OPINIÃO: O “Nó” da BR-319: Maria do Carmo, pare de prometer o que não está sob sua responsabilidade.

Essa barreira técnica também desafia o plano federal. Nem mesmo a eventual eleição de um aliado na Presidência, como o senador Flávio Bolsonaro (PL), assegura que o asfalto sairá do papel.

Imagem gerada em IA.

A história se repete com a precisão de um relógio: a cada quatro anos, a BR-319 deixa de ser uma estrada de lama para virar o principal palanque eletrônico do Amazonas. A pré-candidata Maria do Carmo Seffair (PL) segue a trilha de seus antecessores ao afirmar que, se eleita, irá “destravar” e asfaltar a rodovia. Para o amazonense exausto do isolamento, a frase soa como esperança; para quem analisa as engrenagens do poder e a legislação vigente, trata-se de uma tese politicamente inviável e juridicamente sem amparo.

O primeiro ponto de conflito é a natureza da competência administrativa. É fundamental esclarecer: a BR-319 é uma rodovia federal. O futuro ocupante do Edifício Eduardo Gomes não possui autoridade legal para assinar ordens de serviço ou aplicar o orçamento do Tesouro Estadual no chamado “trecho do meio”. O atual governador, Wilson Lima, caminha para o encerramento de oito anos de mandato sem entregar a pavimentação prometida, justamente porque as obras pertencem à União, via DNIT e Ministério dos Transportes. O Estado é impedido de investir em bens federais, sob pena de cometer crime de responsabilidade.

Essa barreira técnica também desafia o plano federal. Nem mesmo a eventual eleição de um aliado na Presidência, como o senador Flávio Bolsonaro (PL), assegura que o asfalto sairá do papel. O histórico recente é uma prova cabal: o ex-presidente Jair Bolsonaro governou com amplo apoio e o Exército mobilizado, mas a 319 permaneceu travada. Isso ocorre porque o entrave não é apenas de “vontade”, mas um sistema jurídico-ambiental consolidado. O muro que barrou gestões passadas permanece de pé, sustentado por normas que nenhum governante pode ignorar por decreto.

O verdadeiro “nó” da BR-319 reside em uma trindade de controle: IBAMA, Ministério Público Federal (MPF) e a Justiça Federal (TRF-1).
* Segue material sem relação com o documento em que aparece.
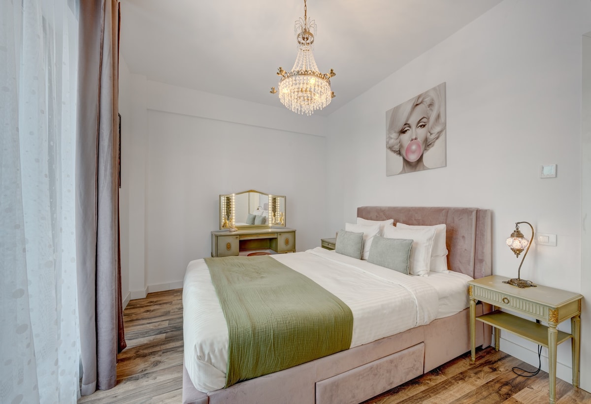 Located in the heart of Bucharest, 1 min walk from the old town and with the metro station just in front of the building, this luxurious accommodation of 105 m2 is spacious, bright and has splendid views of the old city and the famous parliament. What is more? The fact of being in an ultra central accommodation while being quiet, because the apartment is on the top floor and the bedrooms are on the back of the building.

O licenciamento do trecho central exige uma Avaliação Ambiental Estratégica (AAE) que nenhum governo, independentemente da ideologia, conseguiu validar tecnicamente até hoje. Sem estudos que garantam a governança contra o desmatamento ilegal e a grilagem, o MPF atua preventivamente e o Judiciário suspende as licenças. Prometer o asfalto sem um plano que pacifique esses órgãos de controle é oferecer uma solução simplista para um problema de extrema complexidade.

A realidade financeira de março de 2026 reforça esse ceticismo. A Lei de Diretrizes Orçamentárias (LDO) federal para este ano não reservou os bilhões necessários para a pavimentação definitiva. O que se vê hoje são recursos paliativos para a “manutenção da intrafegabilidade” — o custoso esforço de evitar o fechamento total da via durante o inverno amazônico. Se senadores influentes como Omar Aziz e Eduardo Braga, com trânsito livre no atual governo federal, não conseguiram garantir a rubrica bilionária no orçamento de Lula, sugerir que um governador resolverá a questão isoladamente é ignorar a hierarquia federativa.

O isolamento de Manaus, agravado pelas secas severas de 2023 e 2024, provou que a BR-319 é vital. No entanto, o debate eleitoral precisa amadurecer. O “asfalto de papel”, que surge nas promessas e desaparece após a apuração dos votos, já saturou a paciência do povo amazonense. A cobrança deve ser direcionada a quem detém a caneta e o tesouro: o Governo Federal. Qualquer narrativa que tente transferir essa responsabilidade para o Palácio da Compensa corre o risco de ser apenas mais uma estratégia de marketing sem conexão com a realidade dos fatos.